The Promise

1 Capítulo Único


Notas iniciais
N/A: Pra você compreender essa fic terá de ter lido ou ler antes essa: http://fanfiction.com.br/historia/483236/A_morte_quando_comeca/

Estranho...

Desde que Felicity havia morrido ele cortejava a morte, corria riscos, falhava em viver, e todas as noites também falhava em morrer, sua vida tornou-se uma sucessão de falhas, até aquele momento — nunca tinha pensado em como morreria, um tiro, uma flechada, explosões, envenenamento, nada importava, era apenas um meio para o fim. Desejado.

E agora lá estava ele, morrendo — ouvia Dig dizer pra lutar, mas pra ele a batalha tinha chegado ao fim, um suspiro mais profundo causou uma dor lacerante, tão fácil parar de respirar agora, tão fácil... mas seu coração traidor insistia em continuar batendo, porque? Havia conseguido, encontrou com a morte, agora só lhe restava estender a mão e seguir com ela, mergulhar no vazio, onde nada sentia, onde não poderia sentir a falta de sua Felicity preenchendo seu coração, sombreando sua alma. Agora poderia mergulhar na escuridão. Definitivamente.

Fechou os olhos perdendo a consciência lentamente e a viu, linda e triste, porque estaria triste? Não sorria pra ele, os olhos tinham um brilho de desapontamento, porque? Ela lhe estendeu a mão, ele a segurou com fervor e devoção, um abraço apertado fundindo os corpos, quebrando a barreira entre a vida e a morte. Estaria ele já morto?

Afastou-se um pouco, afrouxando o abraço, segurou o rosto dela com as duas mãos, alisando a pele macia tão fria, ela parecia um anjo, seus cabelos brilhavam como auréolas, convidativos ao toque. Celestial. Com a ponta dos dedos, Oliver desenhava e reconhecia seu corpo novamente, os lábios pronunciaram palavras sussurradas com clamor:

"— Senti sua falta." — e a beijou. O beijo falava de saudade, de paixão e amor, clamava pela alma, buscava a rendição. O beijo tinha sabor de vida.

Com as testas unidas, a respiração acelerada, Oliver sentiu-se feliz, estava onde queria estar, nos braços dela, era onde ele pertencia, onde eles se pertenciam. Pra sempre.

Quando Felicity falou sua voz saiu melodiosa, uma sinfonia apaixonada. Angelical. Profunda. Surreal.

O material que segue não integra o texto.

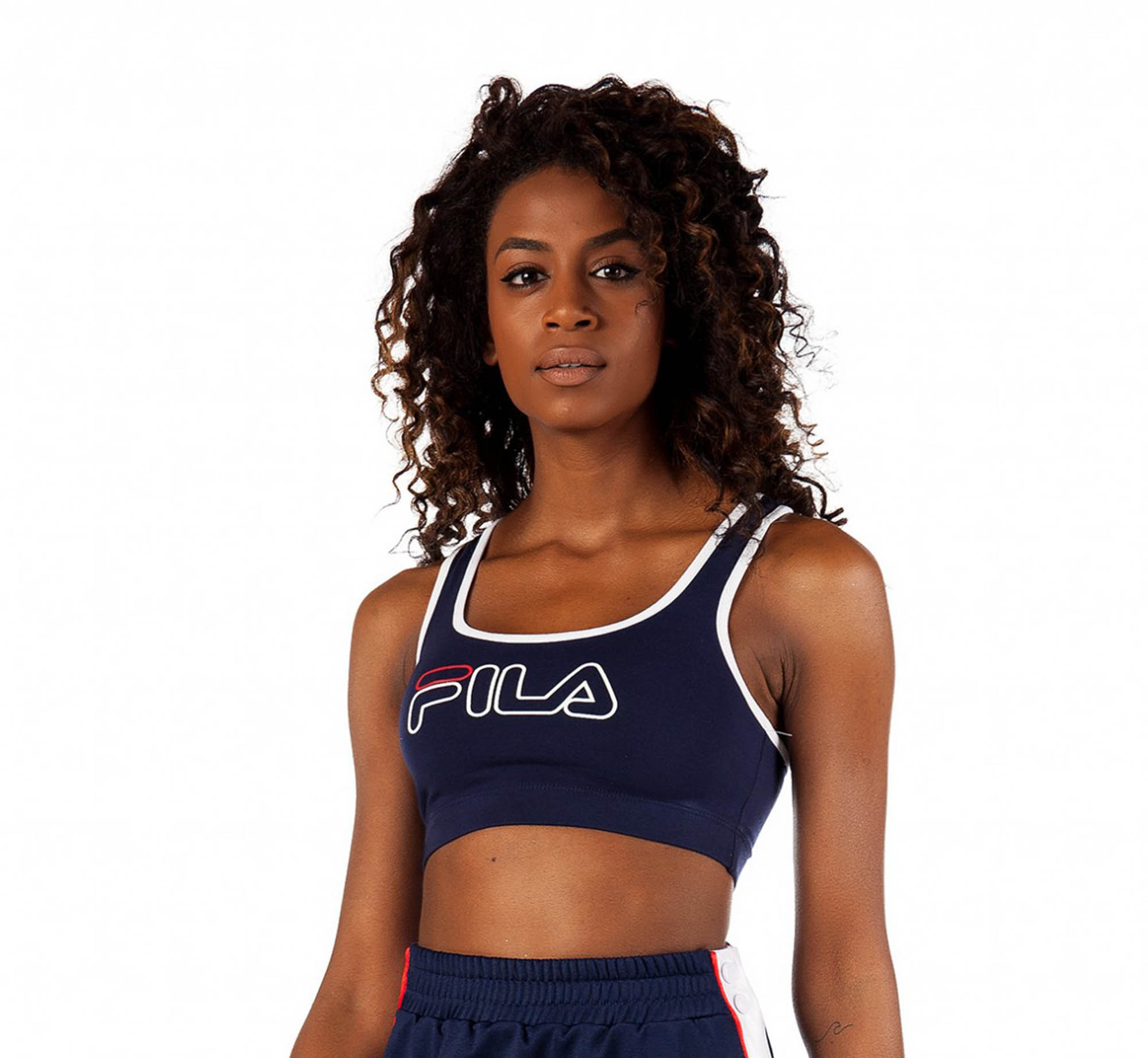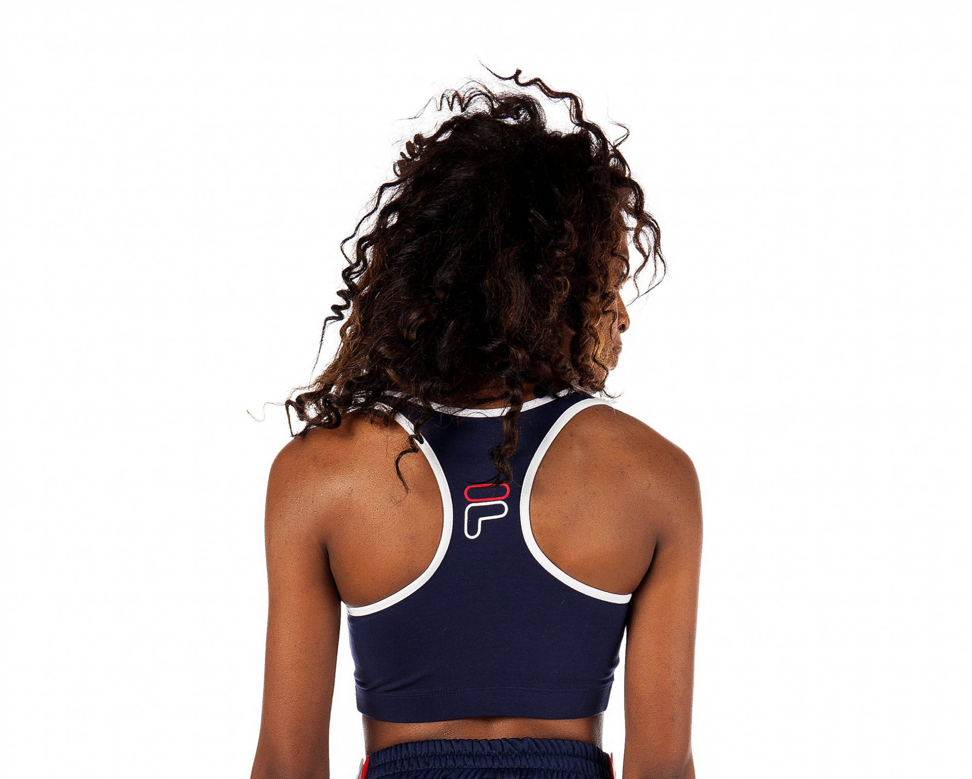 This sports bra style top features a sexy, athletic look with our classic logo printed across the front and contrasting piping.
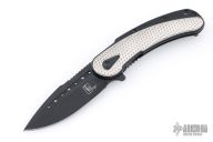 The popular field grade Bodega has been discontinued and replaced with this new offering from Begg Knives SteelCraft Series, the Mini Bodega. This EDC friendly framelock features a black coated blade with fullers, swedge, and notched rest for thumb placement. The titanium handle is tumbled/machined to give a two tone finish. This is a very comfortable knife that flips well and locks up with no play. Blade is centered when closed. Excellent condition. Comes with original box and papers.

— Oliver, meu amor. Não desista, não agora. Você tem ainda tantas coisas pra fazer, tantas pessoas pra proteger, não desista dessas pessoas, elas precisam de você. — Ele a ouvia mas não entendia, não queria entender e não queria voltar, não agora que estava com ela. Esse encontro com a morte havia lhe rendido o encontro com a sua garota. — Oliver, quero que saiba que te amarei por toda a sua vida, não deixe que essa vida acabe agora. Lute. Não desista! Eu te amo.

"O SOFRIMENTO É PASSAGEIRO, DESISTIR É PARA SEMPRE". (Lance Armstrong)

Será que ela não entendia que sem ela, ele estava quebrado? Perdido? Desamparado?

Morto?

Felicity o olhava com ternura, parecia enxergar um herói, parecia viver por esse herói. Oliver não se sentia assim, sentia-se egoísta, vilão de sua própria história por escolher a morte, por desistir de lutar.

Ele abaixou a cabeça, pensativo, vencido! Agora sentia medo das escolhas. Medo de falhar novamente com Felicity.

— Olhe pra mim Oliver, e diga o que você vê?

Ele estava confuso, sentia dor, muita dor, física e emocional. E ele enxergava apenas ela, linda e viva, pra ele. Luminosa.

— Eu vejo você, apenas você. Comigo e em mim! — A declaração soou apaixonada e desesperada. Ele estava desesperado pra ficar com ela. Pra morrer por ela!

Uma lágrima solitária rolou pela face de Felicity, ele acolheu aquela gota com o dedo, afagando sua pele. Memorizando a textura delicada.

Ela engasgou com o sofrimento dele. Com a esperança dele. Com o toque dele.

— Não Oliver, o que você vê é uma ilusão, uma sombra do que fui. Eu estou morta! MORTA! — Ela estava sendo cruel, era a única maneira dele entender e querer viver. — E a única forma de viver é se você viver também, nas suas lembranças, em recordações, nos nossos momentos juntos, no seu coração. Revivendo em você. Não deixe que tudo o que vivemos seja em vão. Não mate o nosso amor! Viva Oliver! Por você, por mim, por nós! VIVA! AGORA!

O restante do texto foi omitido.